- British cinema poster by Tom Chantrell
- Directed by: Don Sharp
- Written by: Peter Yeldham
- Based on: original story by Peter Welbeck (Harry Alan Towers)
- Produced by: Harry Alan Towers
- Starring: Tony Randall Senta Berger Herbert Lom Wilfrid Hyde-White Terry-Thomas
- Cinematography: Michael Reed
- Edited by: Teddy Darvas
- Music by: Malcolm Lockyer
- Production company: Marrakesh Film
- Distributed by: Anglo-Amalgamated American International Pictures (US)
- Release date: 5 May 1966 (UK);
- Running time: 92 minutes
- Country: United Kingdom
- Language: English

= Our Man in Marrakesh =

1966 British film by Don Sharp

Our Man in Marrakesh (also known as Intriga Brutal; U.S. title: Bang! Bang! You're Dead!) is a 1966 British comedy spy film directed by Don Sharp and starring Tony Randall, Herbert Lom and Senta Berger. It was written by Peter Yeldham from a story by Harry Alan Towers (as Peter Welbeck) and produced by Towers.

In the film, a courier transports the bribe money intended to pay for a fixed vote in the United Nations. The courier's identity is unknown, but they are thought to be one of the six persons traveling from Casablanca to Marrakesh on a bus. Intrigue surrounds the traveling group.

==Plot==
One of six travellers who catch the bus from Casablanca airport to Marrakesh is carrying $2 million to pay a powerful local man to fix United Nations votes on behalf of an unnamed nation. But not even the powerful man knows which of them it is – and his background checks reveal that at least three of them aren't who they claim to be.

As agents from other nations may be among them, he and his henchmen have to be very careful until the courier chooses to reveal himself – or herself. Amidst the international espionage and involvement of criminal gangs, an American businessman finds himself at the centre of the situation and, assisted by an attractive super-spy, must set out to clear his name.

==Main cast==

- Tony Randall as Andrew Jessel
- Senta Berger as Kyra Stanovy
- Terry-Thomas as El Caid
- Herbert Lom as Mr Casimir
- Wilfrid Hyde-White as Arthur Fairbrother
- Grégoire Aslan as Achmed
- John Le Mesurier as George Lillywhite
- Klaus Kinski as Jonquil
- Margaret Lee as Samia Voss
- Emile Stemmler as hotel clerk
- Helen Sanguinetti as Madame Bouseny
- Francisco Sánchez as Martinez
- William Sanguinetti as police chief
- Hassan Essakali as motorcycle policeman
- Keith Peacock as Philippe
- Burt Kwouk as the import manager

==Production==
Writer Yeldham and director Sharp were both Australians who worked several times with Harry Alan Towers. Sharp said "it had a cast which showed you where the money had come from." The film was shot in Morocco using "frozen" funds owed to Warner Bros. Sharp says just before filming started Warner's revealed that the exchange rate meant their funds would not cover the cost for the whole film so Towers had to scramble to raise additional financing. This involved Towers arranging for suitcases of cash to be smuggled into the country.

==Reception==
Our Man in Marrakesh opened in London on 5 May 1966, the same day as A Man Could Get Killed and the day before Modesty Blaise. This caused the critic in The Times to write a combined review titled "Humorous variations on theme of the secret agent", where Our Man in Marrakesh is noted for having a story similar to A Man Could Get Killed. The reviewer wrote: "There are one or two nice ideas, like the chase through the dyers' quarter, with skeins of boldly-coloured wool impeding pursuer and pursued. But the dialogue is mostly so clod-hopping, especially when it tries to be funny, and is delivered so portentously, that director Don Sharp’s occasional pretty pictures fail noticeably to lighten the load."

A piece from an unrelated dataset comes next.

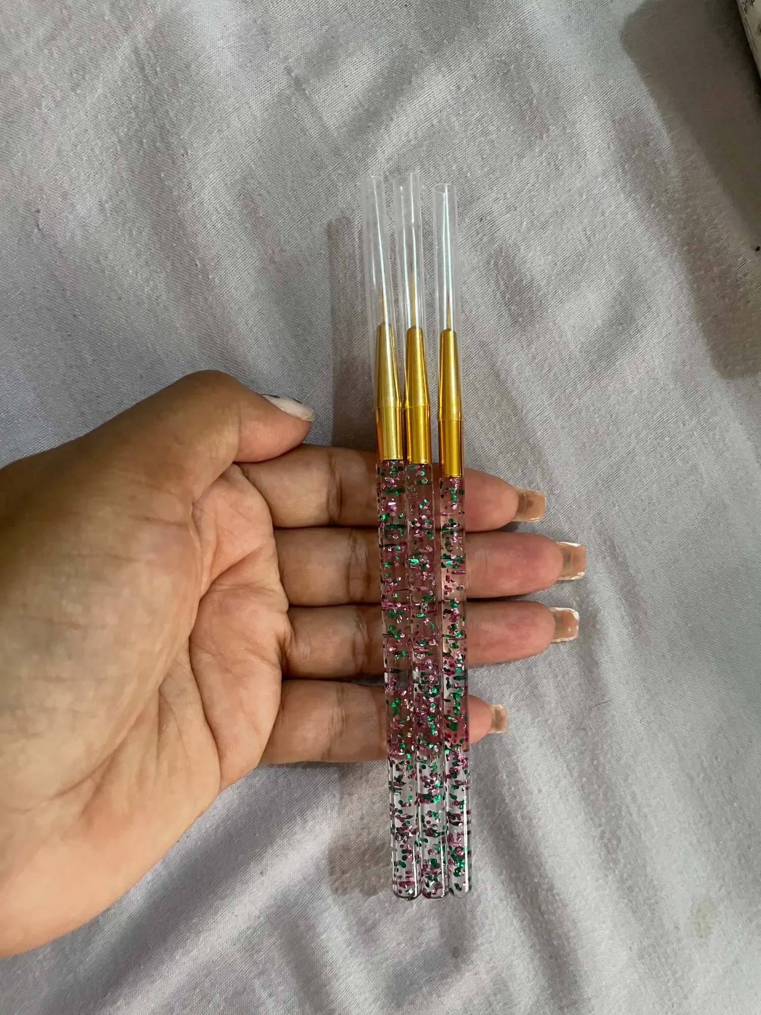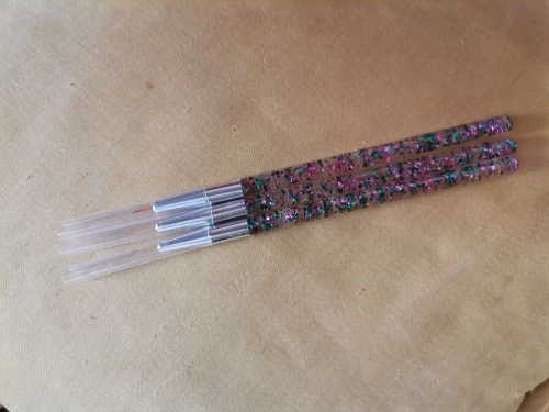 Не ожидала такого хорошего качества заказ дошел быстро кисти качественные ими легко рисовать и делать декор на ногтях, а то что они безумно красиво блестят я молчу можно целый день вертеть ими и наслаждаться этой прелестью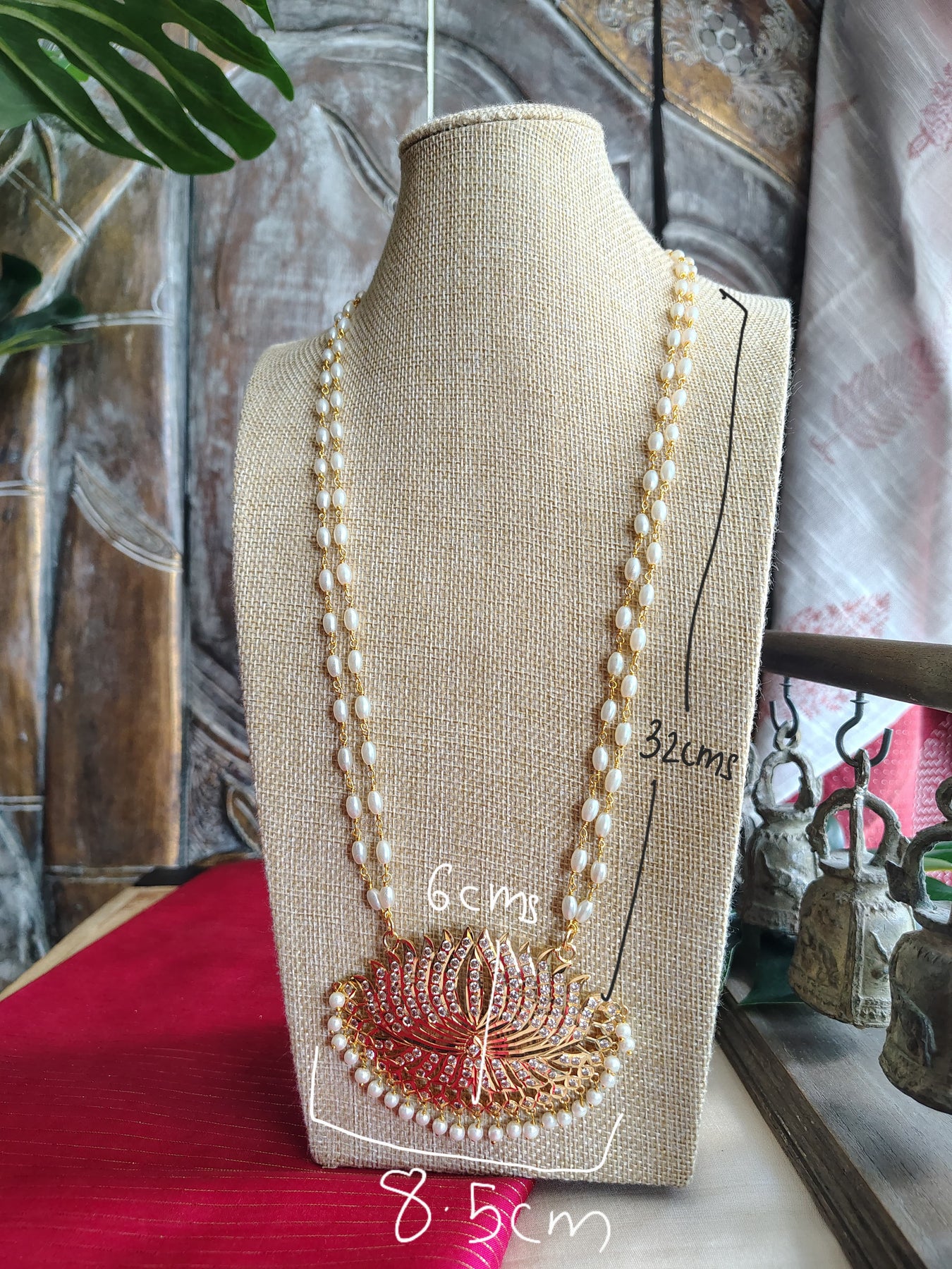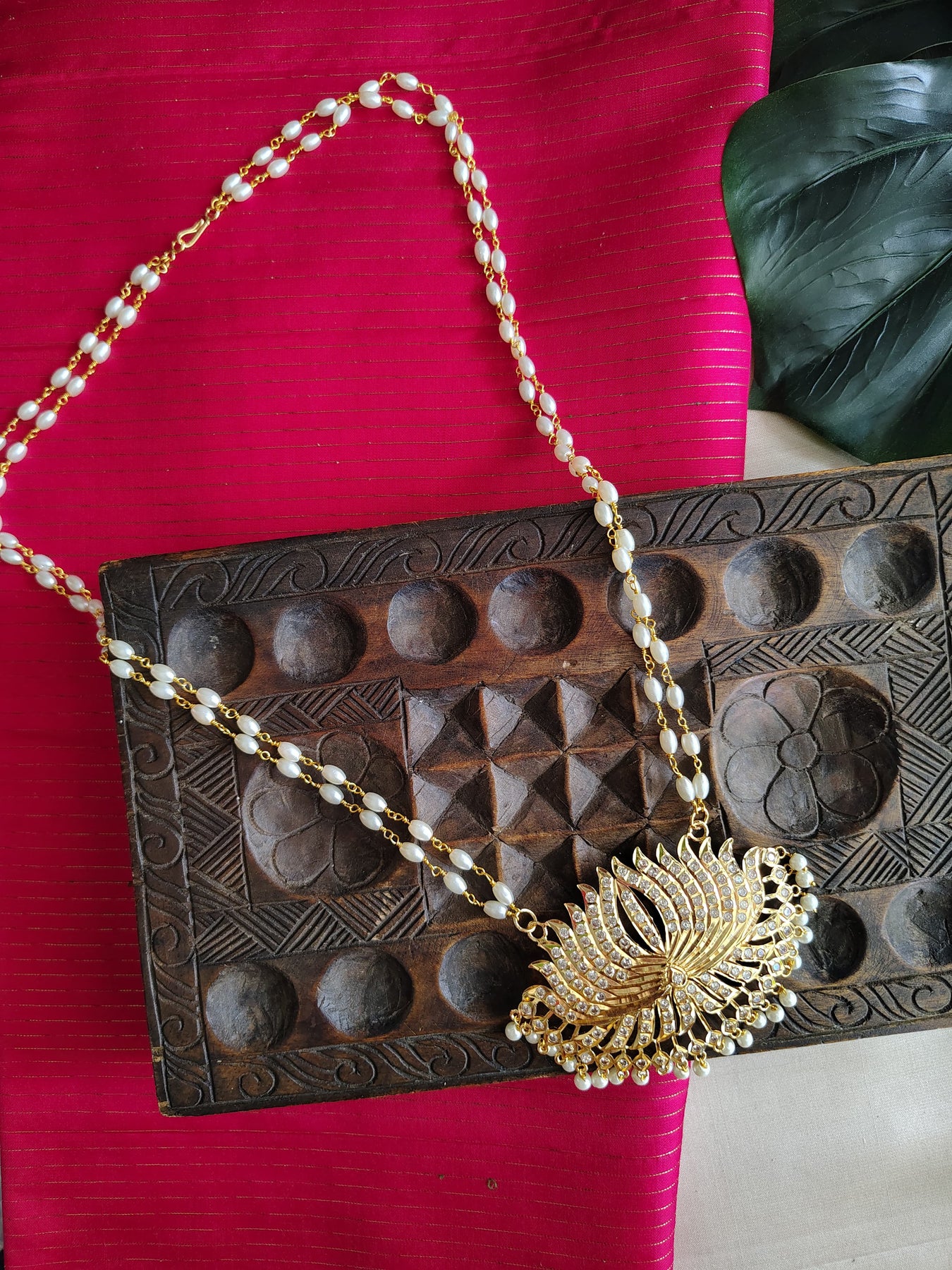 Pearl Necklace, and a Lotus Pthakkam ornated with American Diamond (AD) stones

The Monthly Film Bulletin wrote: "Nicely photographed on location and kept moving at a spanking pace, this is a spy spoof that works because it keeps the thread of the plot well in hand, spreads a few plausible red herrings, and on its own absurd level suspends disbelief without sending up the lunatic conventions. Tony Randall is a pleasantly reluctant hero, the two young women are outstandingly glamorous, Herbert Lom is sinister and suave, and the supporting cast of British stalwarts does its usual stuff with reliability and competence. There is also a 'small bonus in the belated but splendidly characteristic appearance of Terry-Thomas as the Anglophile Arab."

Tony Sloman in The Radio Times Guide to Films gave the film 2/5 stars, writing: "The excellent Tony Randall stars as an American tourist caught up in spy antics in Morocco. The scenery is fabulous and the second-rung supporting cast fun to watch, but the script and production budget would defeat the hardiest director. Still, veteran professionals such as Herbert Lom, Wilfrid Hyde White and Terry-Thomas do what they can with the material, and Klaus Kinski and John Le Mesurier turn up, too."